Skip the pictures and copy all the data that follows exactly.
- Opening Delimiter -
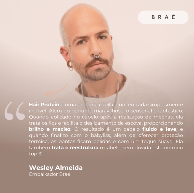A BRAÉ Hair Protein é uma proteína capilar concentrada desenvolvida para repor a massa perdida e fortalecer a estrutura dos fios de forma imediata. Sua fórmula inteligente identifica as áreas fragilizadas da fibra capilar e atua preenchendo as lacunas, devolvendo a resistência e a elasticidade natural do cabelo. Com uma textura leve e de rápida absorção, ela protege contra danos futuros e processos químicos, garantindo cabelos encorpados, saudáveis e com um toque extremamente sedoso. É o cuidado essencial para manter a integridade dos fios no dia a dia.
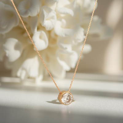Un collar delicado y sofisticado en oro 19K amarillo, con punto de luz brillante, símbolo de elegancia minimalista e ideal para novias.
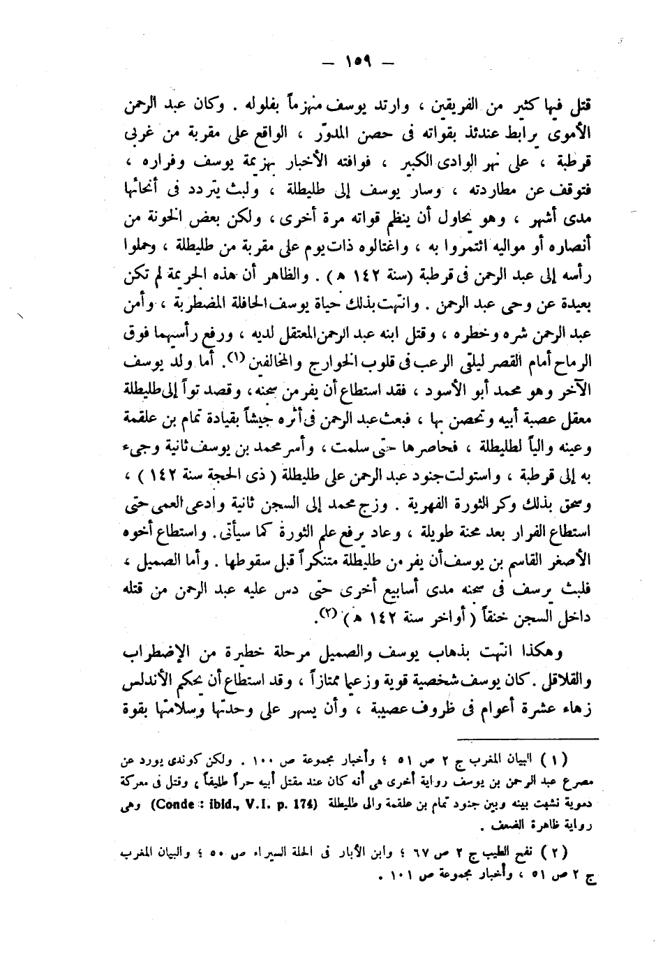 (¬1) البيان المغرب ج 2 ص 51؛ وأخبار مجموعة ص 100. ولكن كوندي يورد عن مصرع عبد الرحمن بن يوسف رواية أخرى هي أنه كان عند مقتل أبيه حرا طليقا، وقتل في معركة دموية نشبت بينه وبين جنود تمام بن علقمة والي طليطلة ( Conde: ibid, V.I.p. 174) وهي رواية ظاهرة الضعف.
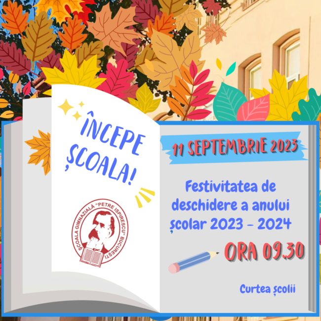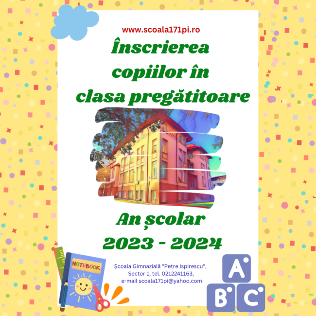 Înscrierea copiilor în clasa pregătitoare Anul școlar 2026–2027 Școala Gimnazială „Petre Ispirescu” din București îi așteaptă pe viitorii elevi ai claselor pregătitoare! Perioada de completare a cererilor de înscriere: 31 martie – 6 mai 2026 2 clase pregătitoare 48 de locuri disponibile Cererile pot fi depuse online, pe platforma Ministerului Educației și Cercetării, sau fizic,…
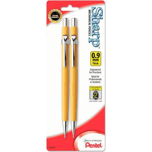 Pentel® Sharp Mechanical Pencil, 0.9 mm, HB (#2.5), Black Lead, Yellow Barrel, 2/Pack
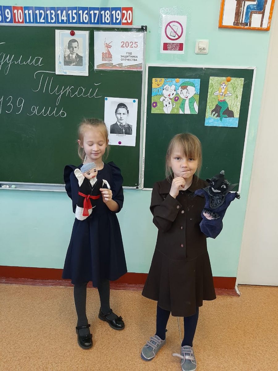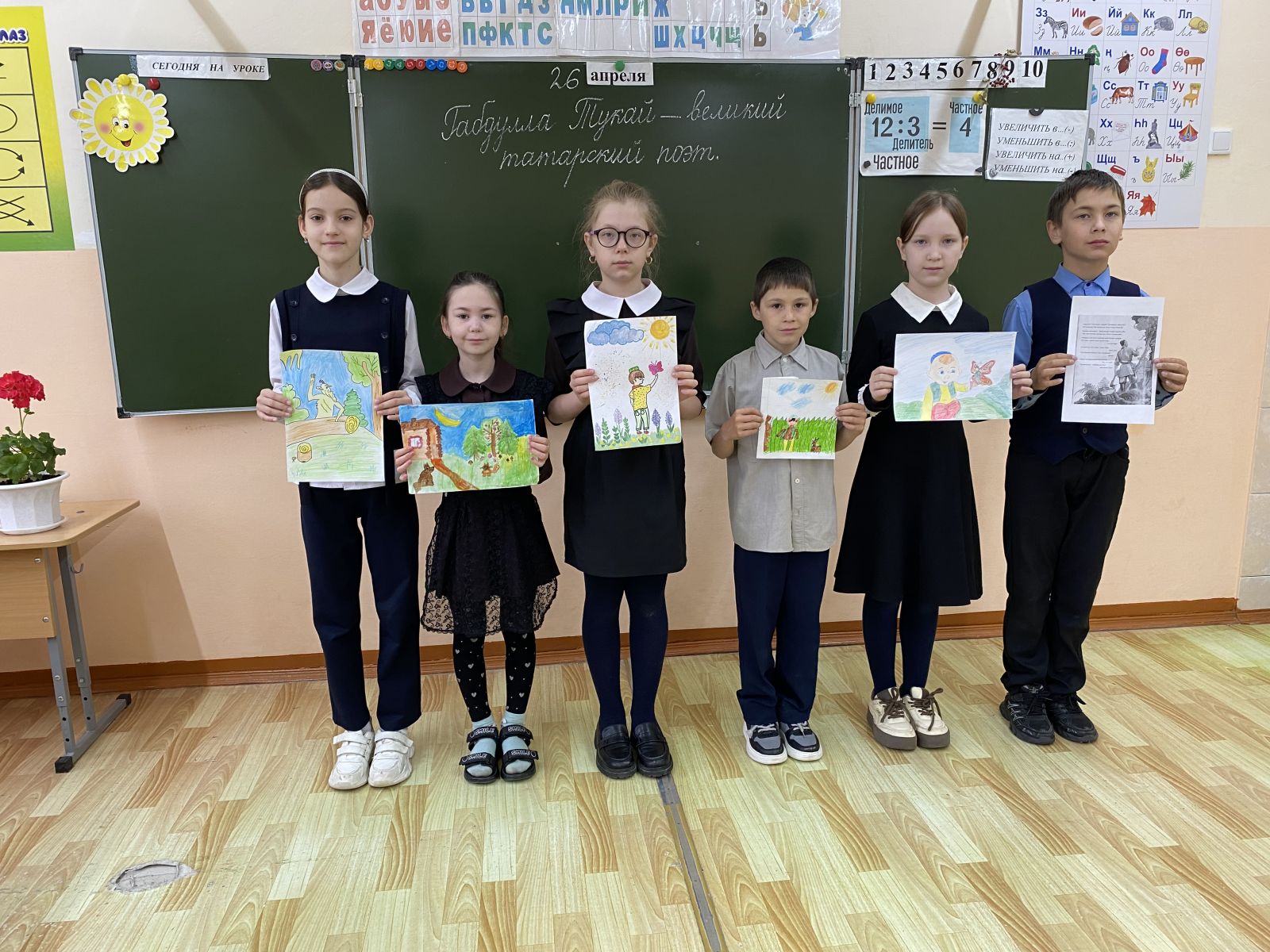 Сегодня в нашем 3 - б классе прошел литературный час, посвященный ко дню рождения татарского поэта Габдуллы Тукая. На мероприятии ученики узнали о нелегком детстве поэта, о его жизни и творчестве. Ребята посмотрели фильм о биографии Габдуллы Тукая. Учащиеся выучили стихи, в которых он затрагивал тему жизни простого народа, родного языка, Родины . Познакомились со сказками – поэмами: «Су анасы», «Шүрәле». Книги Габдуллы Тукая учат детей доброте, красоте родного края, призывают быть милосердным, справедливым и смелым. Викторина «Угадай произведение Г. Тукая по иллюстрации» – пришлась по вкусу учащимся, и они с удовольствием отвечали на вопросы. Была возможность у детей рассказать стихи великого татарского поэта. Впечатлил конкурс рисунков по сказкам-поэмам Габдуллы Тукая. В ходе мероприятия просмотрели мультфильм, созданный по мотивам сказки Г.Тукая«Шүрәле». В конце исполнили песню «Туган тел», которая стала гимном татарского народа.
- Closing Delimiter -
## Answer area
A BRAÉ Hair Protein é uma proteína capilar concentrada desenvolvida para repor a massa perdida e fortalecer a estrutura dos fios de forma imediata. Sua fórmula inteligente identifica as áreas fragilizadas da fibra capilar e atua preenchendo as lacunas, devolvendo a resistência e a elasticidade natural do cabelo. Com uma textura leve e de rápida absorção, ela protege contra danos futuros e processos químicos, garantindo cabelos encorpados, saudáveis e com um toque extremamente sedoso. É o cuidado essencial para manter a integridade dos fios no dia a dia.
Un collar delicado y sofisticado en oro 19K amarillo, con punto de luz brillante, símbolo de elegancia minimalista e ideal para novias.
 (¬1) البيان المغرب ج 2 ص 51؛ وأخبار مجموعة ص 100. ولكن كوندي يورد عن مصرع عبد الرحمن بن يوسف رواية أخرى هي أنه كان عند مقتل أبيه حرا طليقا، وقتل في معركة دموية نشبت بينه وبين جنود تمام بن علقمة والي طليطلة ( Conde: ibid, V.I.p. 174) وهي رواية ظاهرة الضعف.
 Înscrierea copiilor în clasa pregătitoare Anul școlar 2026–2027 Școala Gimnazială „Petre Ispirescu” din București îi așteaptă pe viitorii elevi ai claselor pregătitoare! Perioada de completare a cererilor de înscriere: 31 martie – 6 mai 2026 2 clase pregătitoare 48 de locuri disponibile Cererile pot fi depuse online, pe platforma Ministerului Educației și Cercetării, sau fizic,…
 Pentel® Sharp Mechanical Pencil, 0.9 mm, HB (#2.5), Black Lead, Yellow Barrel, 2/Pack
 Сегодня в нашем 3 - б классе прошел литературный час, посвященный ко дню рождения татарского поэта Габдуллы Тукая. На мероприятии ученики узнали о нелегком детстве поэта, о его жизни и творчестве. Ребята посмотрели фильм о биографии Габдуллы Тукая. Учащиеся выучили стихи, в которых он затрагивал тему жизни простого народа, родного языка, Родины . Познакомились со сказками – поэмами: «Су анасы», «Шүрәле». Книги Габдуллы Тукая учат детей доброте, красоте родного края, призывают быть милосердным, справедливым и смелым. Викторина «Угадай произведение Г. Тукая по иллюстрации» – пришлась по вкусу учащимся, и они с удовольствием отвечали на вопросы. Была возможность у детей рассказать стихи великого татарского поэта. Впечатлил конкурс рисунков по сказкам-поэмам Габдуллы Тукая. В ходе мероприятия просмотрели мультфильм, созданный по мотивам сказки Г.Тукая«Шүрәле». В конце исполнили песню «Туган тел», которая стала гимном татарского народа.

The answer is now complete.